Churros with Dulce de Leche & Chocolate Sauce

Updated

Published

Churros
Portions
10-12 5″ churros

Ingredients

For the Churros

  • 2 cups all purpose flour
  • 2 tsp baking powder
  • 2 cups and 2 tbsp water
  • 2 tbsp canola oil
  • 1 tsp kosher salt
  • Canola oil, for frying
  • 1 cup white sugar
  • 3 tsp ground cinnamon

For the Chocolate Sauce

  • 6 oz chopped dark chocolate
  • 1 cup 35% whipping cream
  • Pinch of kosher salt

To Serve

  • Dulce de leche

Directions

  1. To a medium bowl, add the flour, and baking powder. Whisk to combine.
  2. To a medium saucepan on medium-high heat, add the water, 2 tbsp of canola oil, and salt. Bring to a simmer, and stir to dissolve the salt. Turn off the heat. Then add the flour, and stir to form a dough. Transfer the dough to a bowl to cool slightly.
  3. Transfer the dough to a heavy-duty piping bag outfitted with a large star tip (½ inch opening). Pipe a 5 inch churro onto a parchment lined baking sheet, then use scissors to cut the dough. Repeat with the remaining dough.
  4. Add 3 inches of oil to a large pot, like a dutch oven.
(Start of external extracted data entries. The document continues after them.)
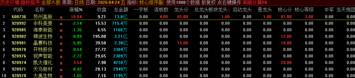 本公式根据网络大神的经典视频和语录进行的总结,分辨出各种市场中各种股票的明确定义。明确一个关键的问题,为什么有些板块上涨而板块内很多股却不涨,而有些股却能持续的上升呢?那是因为市场的5000只票里,资金关注的个股永远就是龙头,核心,中军,抱团,除了这些股以外不就都是跟风和杂毛票。该公式基本解决了个股在板块内的定位,确定了每一波板块或市场上涨中的个股的地位。
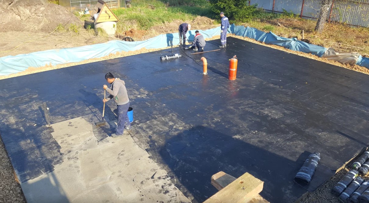 земляные работы (устройство котлована), укладка геотекстиля, устройство песчанно гравийной подушки, устройство бетонной подготовки, гидроизоляция оклеечная в 2 слоя, установка опалубки, армирование фундаментной плиты, бетонирование ф.п.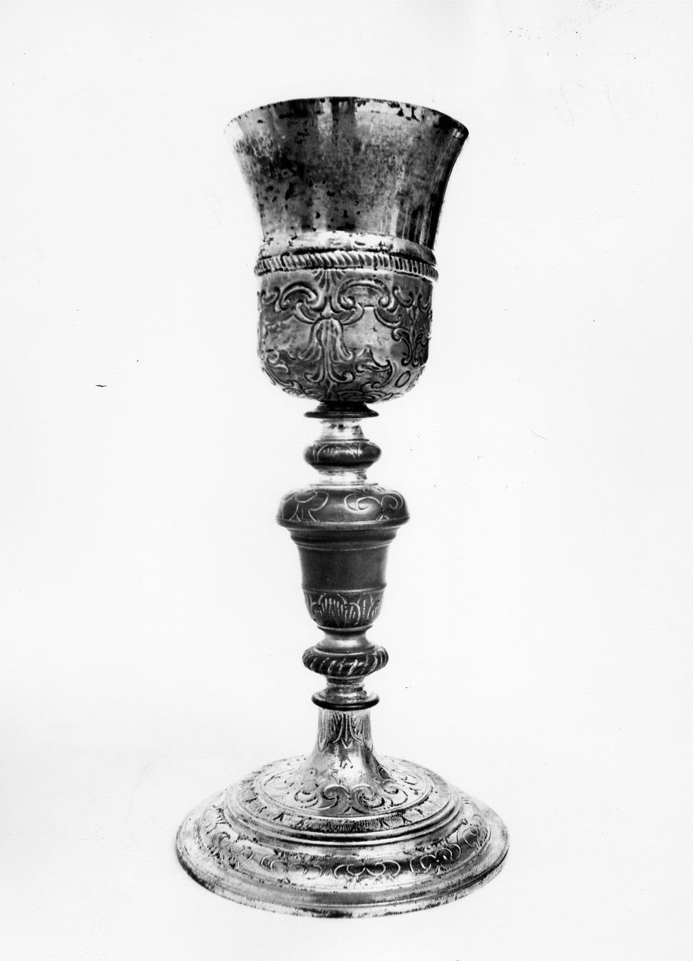 Sulla base di ottone ad andamento circolare, modanata, con motivi a volute si imposta lo stelo a nodi sagomati con incisioni a palmette e volute; la coppa d'argento, è sbalzata a palmette e volute nella parte inferiore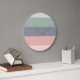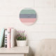 Um relógio de parede moderno com design de padrão em bloco em cores bonitas de verde, azul e rosa. Um estilo minimalista que seria uma adição encantadora a qualquer cozinha, quarto ou escritório em casa.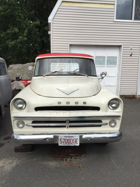 | Rare 1957 Dodge pickup. Older restoration. Still looks good. I'm told the motor rebuilt. it is not in the truck. I purchased it at an estate sale with 11 other vehicles. V8 with 3 speed transmission. Interior still looks good. Originally from Nevada. Now has a CT title. For sale as is. I've seen these trucks sell for 20-50k. You finish & save thousands. Call for any more info: 2039106885. |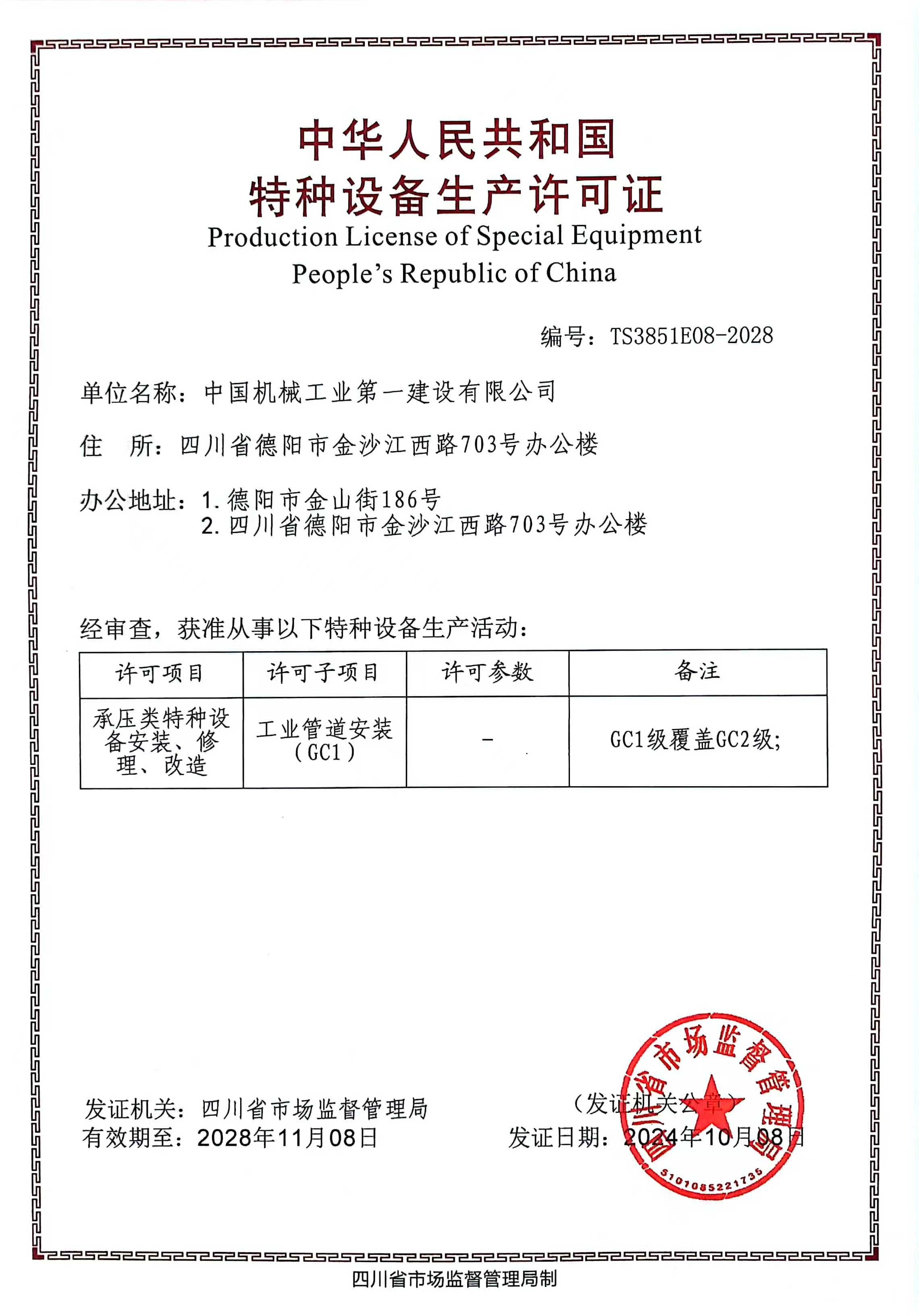 特种设备生产许可证(工业管道gc1)-凯发精英体育娱乐

Heat to 375 degrees Fahrenheit. Gently lower a few churros into the pot at a time, ensuring not to crowd the pot. Cook for 4-5 minutes, or until golden brown. Then drain onto a paper towel. Repeat with the remaining churros.
  5. To a medium dish, add the sugar and cinnamon. Mix well. Then add a few churros to the dish at a time, shaking, and turning to coat the churros. Transfer to a serving dish.
  6. To make the chocolate sauce, place the chopped chocolate in a heat-proof bowl. Heat the cream in a small saucepan until it just begins to simmer, then pour it over the chocolate. Add a generous pinch of salt, and mix until the chocolate has completely melted, and no streaks of cream can be seen.
  7. To serve, place a few churros on a plate with small dishes of chocolate sauce, and dulce de leche for dipping.

Note: This recipe makes 10-12, 5 inch churros. The number of churros depends on the specific piping tip used.